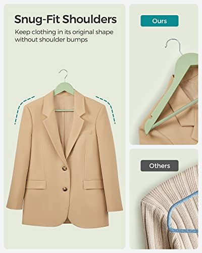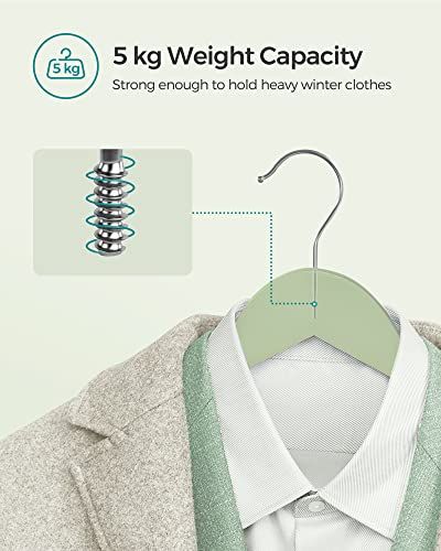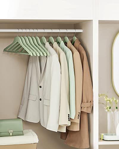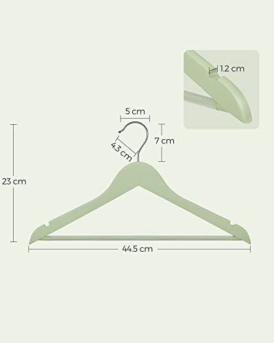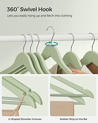 Wooden Hangers, Set of 20, Coat Hangers, Clothes Hangers, with Shoulder Notches, Anti-Slip Trousers Bar, 360° Swivel Hook, for Suits, Shirts, Coats, Light Green and Silver CRW001H02
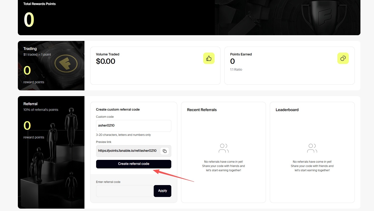 STEP 2. Click "Rewards" and select "Points" to get your personal invitation link and view the number of RH points in your account.
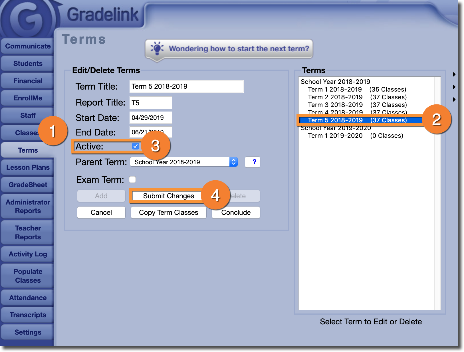 By default, Teachers will only have access to classes associated with the active term. That is why it is important to activate and deactivate the appropriate terms as you progress through the school year. While it is possible to have multiple terms active at the same time, depending on the number of classes assigned to each teacher, the interface could become cluttered very quickly so Gradelink doesn't typically recommend having more than one active term.

» Aim of the exercise: Give the data again exactly as it appears, but without any images.

» Written response:
 Wooden Hangers, Set of 20, Coat Hangers, Clothes Hangers, with Shoulder Notches, Anti-Slip Trousers Bar, 360° Swivel Hook, for Suits, Shirts, Coats, Light Green and Silver CRW001H02
 STEP 2. Click "Rewards" and select "Points" to get your personal invitation link and view the number of RH points in your account.
 By default, Teachers will only have access to classes associated with the active term. That is why it is important to activate and deactivate the appropriate terms as you progress through the school year. While it is possible to have multiple terms active at the same time, depending on the number of classes assigned to each teacher, the interface could become cluttered very quickly so Gradelink doesn't typically recommend having more than one active term.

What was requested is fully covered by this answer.